Company

Compound Finance

Open financial infrastructure for on-chain borrowing and lending.

Mission

Compound Finance was founded on one core belief: capital should flow without intermediaries. The team set out to construct infrastructure enabling any address — whether a user in Berlin or an automated smart contract on Solana's bridge — to generate yield or unlock liquidity without seeking approval from anyone.

That sounds straightforward. It is not. Credit markets depend on trust, and establishing trust on a public blockchain demands different tools than traditional finance. Compound Finance's protocol replaces institutional trust with algorithmic guarantees: collateral rules, interest rate models, and liquidation mechanics all encoded in audited contracts.

The objective has not wavered since the first deployment in 2018. Make open lending a foundational primitive — something other protocols and developers build upon, not around.

Technology

The Compound Finance platform operates on Ethereum. Compound III, the current major version, introduced a single-asset borrow model — a significant departure from the pooled approach used in earlier versions. Each deployment has one base asset (USDC on mainnet, for example) and a defined set of collateral tokens.

Interest accrues with every block. The rate model is utilization-driven: as a greater share of the supply is borrowed, the borrow rate climbs, attracting new suppliers and encouraging repayment. No oracles are needed for the base asset. Collateral prices are sourced through Chainlink.

Governance operates on-chain via COMP. Token holders submit and vote on proposals capable of altering risk parameters, introducing collateral types, adjusting reserve factors, or deploying to new networks. The protocol has been deployed across Ethereum mainnet, Polygon, Arbitrum, Base, Optimism, and Scroll.

A comet contract anchors each deployment. It manages supply, withdraw, borrow, repay, and liquidation within one compact interface. External integrators — including bridges and cross-chain routers connecting to Solana-side applications — interact with this interface directly.

Approach to Risk

Risk management at Compound Finance is methodical and conservative by design. Every collateral asset added to a market undergoes a governance process that establishes a borrow factor, a liquidation factor, and a price feed. These are not flexible guidelines — the contracts apply them without exception.
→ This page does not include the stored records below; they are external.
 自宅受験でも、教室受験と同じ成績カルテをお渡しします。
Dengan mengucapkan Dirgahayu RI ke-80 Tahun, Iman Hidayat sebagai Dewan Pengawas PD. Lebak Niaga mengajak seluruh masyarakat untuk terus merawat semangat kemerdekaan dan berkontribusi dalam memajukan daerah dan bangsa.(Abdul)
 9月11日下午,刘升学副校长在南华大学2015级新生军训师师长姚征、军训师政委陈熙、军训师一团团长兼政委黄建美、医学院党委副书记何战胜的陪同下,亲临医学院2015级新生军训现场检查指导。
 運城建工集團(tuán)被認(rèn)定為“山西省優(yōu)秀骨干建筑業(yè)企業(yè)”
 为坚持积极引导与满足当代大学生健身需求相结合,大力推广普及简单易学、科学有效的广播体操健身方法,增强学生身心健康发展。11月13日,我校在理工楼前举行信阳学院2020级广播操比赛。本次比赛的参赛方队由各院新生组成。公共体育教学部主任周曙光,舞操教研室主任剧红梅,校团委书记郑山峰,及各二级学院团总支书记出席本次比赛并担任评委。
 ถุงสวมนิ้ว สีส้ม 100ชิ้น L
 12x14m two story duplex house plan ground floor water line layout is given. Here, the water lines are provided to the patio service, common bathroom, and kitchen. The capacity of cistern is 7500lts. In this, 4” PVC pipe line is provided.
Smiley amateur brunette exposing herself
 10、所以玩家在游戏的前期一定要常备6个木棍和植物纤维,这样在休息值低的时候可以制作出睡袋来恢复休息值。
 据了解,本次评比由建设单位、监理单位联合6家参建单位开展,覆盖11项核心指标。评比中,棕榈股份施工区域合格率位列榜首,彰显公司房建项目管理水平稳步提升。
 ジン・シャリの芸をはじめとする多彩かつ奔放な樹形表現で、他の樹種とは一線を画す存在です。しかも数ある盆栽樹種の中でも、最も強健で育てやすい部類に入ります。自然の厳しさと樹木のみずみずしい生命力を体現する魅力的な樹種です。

Liquidations operate through an incentive mechanism. When a position becomes undercollateralized, any address may absorb the collateral at a discount. This creates a competitive environment for liquidation rather than depending on a single privileged actor.

The protocol maintains reserves. A share of interest paid by borrowers accumulates as a buffer against bad debt. Reserve levels are visible on-chain and governed by COMP holders. External audits from firms including OpenZeppelin and Trail of Bits have examined the core contracts across major versions.

Governance

Compound Finance holds no admin key controlled by a company. The protocol is governed by COMP holders. Proposals require a 25,000 COMP threshold to submit, a two-day voting window, and a two-day timelock prior to execution. That structure was chosen to prevent hasty changes while keeping the protocol open to community direction.

Delegation plays a key role here. Many COMP holders assign their voting power to active community members rather than voting themselves. The outcome is a smaller group of informed participants driving most governance decisions — not perfect, but effective given the realities of on-chain voting at scale.

You can review current proposals and delegate your votes at the governance portal. Historical proposals, including contested ones, are public and permanently recorded on-chain. That openness is central to what gives Compound Finance's protocol its credibility.

Team & Community

The team behind Compound Finance built the original contracts and governance framework, but the protocol's ongoing operation does not rely on them. That was a deliberate design decision. Contracts are immutable once deployed, unless governance passes an upgrade.

Development continues. New markets, risk parameter updates, and integrations with other DeFi primitives have all emerged through community governance. Contributors include independent developers, institutional delegates, and protocol integrators.

If you have questions about the protocol's design or wish to get involved, the community forum and Discord are the best places to begin. In-depth technical documentation and answers to frequently asked questions are also available in our Compound Finance Q&A section.

Looking Forward

The multi-chain story for Compound Finance continues to unfold. Deployments on Base and Scroll brought the protocol to new user communities. Each new chain introduces distinct liquidity conditions, different gas economics, and varying collateral markets — the protocol's architecture addresses this through independent comet deployments rather than a single bridged pool.

Cross-chain interactions, including transfers of supplied positions and multi-network collateral management, remain areas of active development. Some cross-chain applications route through Solana-connected bridges to bring assets into Compound Finance markets on Ethereum.

The protocol will keep evolving. What will not change is the governance structure that controls those changes. COMP holders decide. That is the entire point.